Your assignment
Exact duplicates of the lines from the top of the data through the line containing "L'évolution du nombre" are needed, with every picture left out.

Given material
============

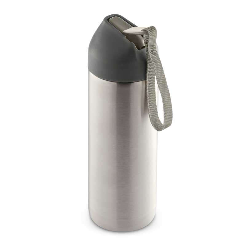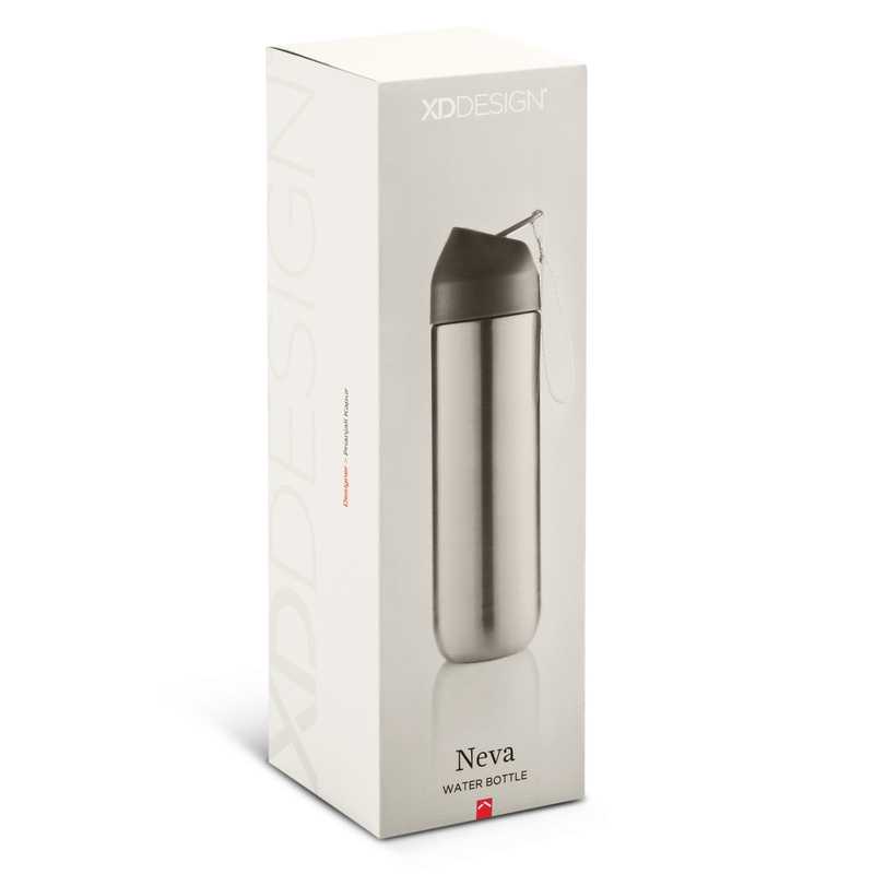 Exceptional 500ml BPA-free stainless steel water bottle from XD which has a secure screw on lid with a woven carry strap that acts as a quick release for the flip out drinking valve. The bottle laser engraves to a natural etch and is nicely presented in an XD gift box. This product is not dishwasher safe and handwashing is recommended.
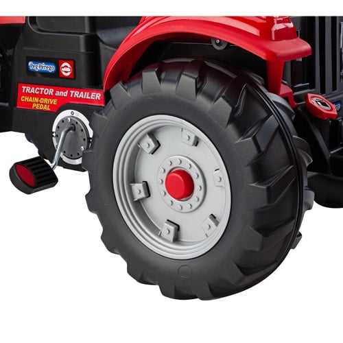 Case IH Tractor and Trailer Pedal Ride-On: Tough performance geared for all terrain Kids’ pedal tractor is a chain driven, pedal ride-on Large stake-side detachable trailer Load trailer and deliver cargo Roll bar Tough plastic construction Bicycle chain and sprockets enclosed to protect fingers Large adjustable seat Large tractor wheels Dimensions: 55″L x 26.5″W x 25.5″H Maximum weight capacity: 85 lbs Adult assembly required 2-year warranty with consumer participation
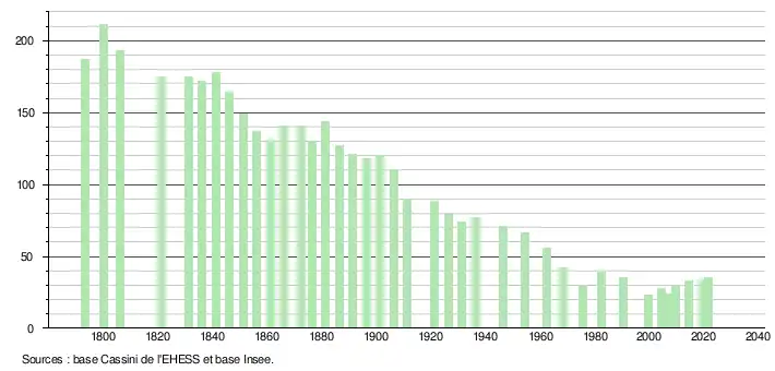 L'évolution du nombre d'habitants est connue à travers les recensements de la population effectués dans la commune depuis 1793. Pour les communes de moins de 10 000 habitants, une enquête de recensement portant sur toute la population est réalisée tous les cinq ans, les populations légales des années intermédiaires étant quant à elles estimées par interpolation ou extrapolation[14]. Pour la commune, le premier recensement exhaustif entrant dans le cadre du nouveau dispositif a été réalisé en 2004[15].
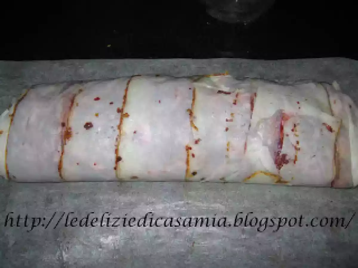 - Con l'aiuto della carta iniziate ad avvolgere bene stretto e con tutta la carta ,mettete dentro una teglia e cuocete in forno.Circa un oretta a fuoco medio.La carta andra' tolta solo quando la carne sara' bene dorata.Affettatelo tiepido.Non aggiungete altri grassi non occorre.

============

Final answer
 Exceptional 500ml BPA-free stainless steel water bottle from XD which has a secure screw on lid with a woven carry strap that acts as a quick release for the flip out drinking valve. The bottle laser engraves to a natural etch and is nicely presented in an XD gift box. This product is not dishwasher safe and handwashing is recommended.
 Case IH Tractor and Trailer Pedal Ride-On: Tough performance geared for all terrain Kids’ pedal tractor is a chain driven, pedal ride-on Large stake-side detachable trailer Load trailer and deliver cargo Roll bar Tough plastic construction Bicycle chain and sprockets enclosed to protect fingers Large adjustable seat Large tractor wheels Dimensions: 55″L x 26.5″W x 25.5″H Maximum weight capacity: 85 lbs Adult assembly required 2-year warranty with consumer participation
 L'évolution du nombre d'habitants est connue à travers les recensements de la population effectués dans la commune depuis 1793. Pour les communes de moins de 10 000 habitants, une enquête de recensement portant sur toute la population est réalisée tous les cinq ans, les populations légales des années intermédiaires étant quant à elles estimées par interpolation ou extrapolation[14]. Pour la commune, le premier recensement exhaustif entrant dans le cadre du nouveau dispositif a été réalisé en 2004[15].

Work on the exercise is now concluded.